## What is needed:
Nothing outside the lines below from the one containing "Łyżka do spaghetti" through the one containing "йдеться у повідомленні." is to be printed; print those exactly, ends included, and drop the pictures.

## Exercise materials:
■ ■ ■ ■ ■ ■ ■
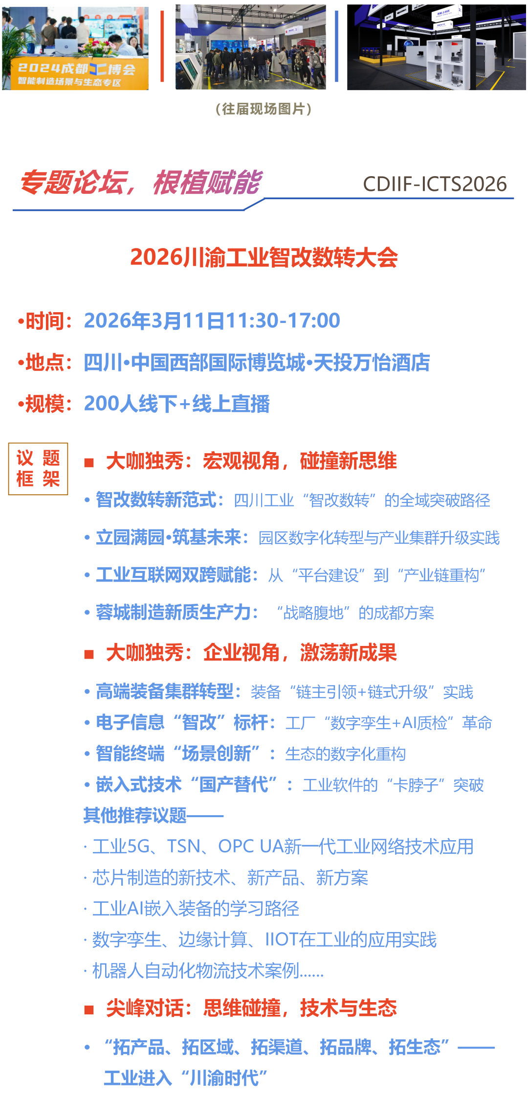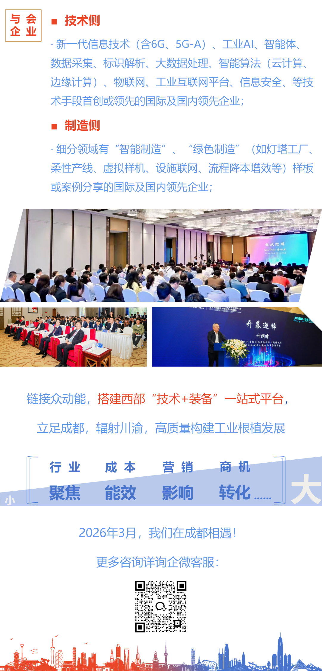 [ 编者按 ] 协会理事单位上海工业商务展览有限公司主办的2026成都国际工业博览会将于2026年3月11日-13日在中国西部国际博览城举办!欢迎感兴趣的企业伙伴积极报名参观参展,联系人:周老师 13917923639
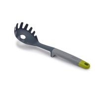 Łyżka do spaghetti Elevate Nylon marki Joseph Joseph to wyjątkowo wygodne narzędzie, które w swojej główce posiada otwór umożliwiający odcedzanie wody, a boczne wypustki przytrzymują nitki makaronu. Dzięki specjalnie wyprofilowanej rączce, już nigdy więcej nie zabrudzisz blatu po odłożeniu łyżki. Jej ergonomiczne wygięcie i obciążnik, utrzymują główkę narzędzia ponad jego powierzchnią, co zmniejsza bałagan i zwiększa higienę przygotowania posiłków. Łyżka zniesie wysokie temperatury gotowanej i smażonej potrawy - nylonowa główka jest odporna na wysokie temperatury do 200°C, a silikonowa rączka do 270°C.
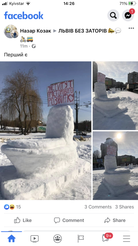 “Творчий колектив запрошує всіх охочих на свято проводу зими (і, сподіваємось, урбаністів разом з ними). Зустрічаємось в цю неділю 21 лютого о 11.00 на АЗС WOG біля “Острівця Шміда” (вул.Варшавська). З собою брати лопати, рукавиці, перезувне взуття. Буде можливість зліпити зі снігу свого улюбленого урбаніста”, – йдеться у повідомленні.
■ ■ ■ ■ ■ ■ ■
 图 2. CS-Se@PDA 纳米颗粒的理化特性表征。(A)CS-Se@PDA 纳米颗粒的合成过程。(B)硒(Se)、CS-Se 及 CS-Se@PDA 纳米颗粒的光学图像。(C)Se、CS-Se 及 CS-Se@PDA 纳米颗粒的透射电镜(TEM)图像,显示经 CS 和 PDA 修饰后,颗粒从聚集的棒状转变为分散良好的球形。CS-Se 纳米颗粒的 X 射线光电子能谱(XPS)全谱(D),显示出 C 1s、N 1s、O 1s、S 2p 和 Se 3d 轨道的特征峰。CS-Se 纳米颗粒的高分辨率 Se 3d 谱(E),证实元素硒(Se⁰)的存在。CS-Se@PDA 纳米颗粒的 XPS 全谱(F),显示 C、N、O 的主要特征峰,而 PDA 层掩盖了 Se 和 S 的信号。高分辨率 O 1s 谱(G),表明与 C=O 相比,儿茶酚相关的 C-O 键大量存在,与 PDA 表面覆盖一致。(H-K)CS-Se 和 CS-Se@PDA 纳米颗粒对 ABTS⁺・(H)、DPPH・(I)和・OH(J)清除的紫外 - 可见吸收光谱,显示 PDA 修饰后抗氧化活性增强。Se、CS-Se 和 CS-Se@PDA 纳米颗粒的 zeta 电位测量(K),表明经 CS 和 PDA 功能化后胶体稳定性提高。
■ ■ ■ ■ ■ ■ ■
## Response for this exercise:
 Łyżka do spaghetti Elevate Nylon marki Joseph Joseph to wyjątkowo wygodne narzędzie, które w swojej główce posiada otwór umożliwiający odcedzanie wody, a boczne wypustki przytrzymują nitki makaronu. Dzięki specjalnie wyprofilowanej rączce, już nigdy więcej nie zabrudzisz blatu po odłożeniu łyżki. Jej ergonomiczne wygięcie i obciążnik, utrzymują główkę narzędzia ponad jego powierzchnią, co zmniejsza bałagan i zwiększa higienę przygotowania posiłków. Łyżka zniesie wysokie temperatury gotowanej i smażonej potrawy - nylonowa główka jest odporna na wysokie temperatury do 200°C, a silikonowa rączka do 270°C.
 “Творчий колектив запрошує всіх охочих на свято проводу зими (і, сподіваємось, урбаністів разом з ними). Зустрічаємось в цю неділю 21 лютого о 11.00 на АЗС WOG біля “Острівця Шміда” (вул.Варшавська). З собою брати лопати, рукавиці, перезувне взуття. Буде можливість зліпити зі снігу свого улюбленого урбаніста”, – йдеться у повідомленні.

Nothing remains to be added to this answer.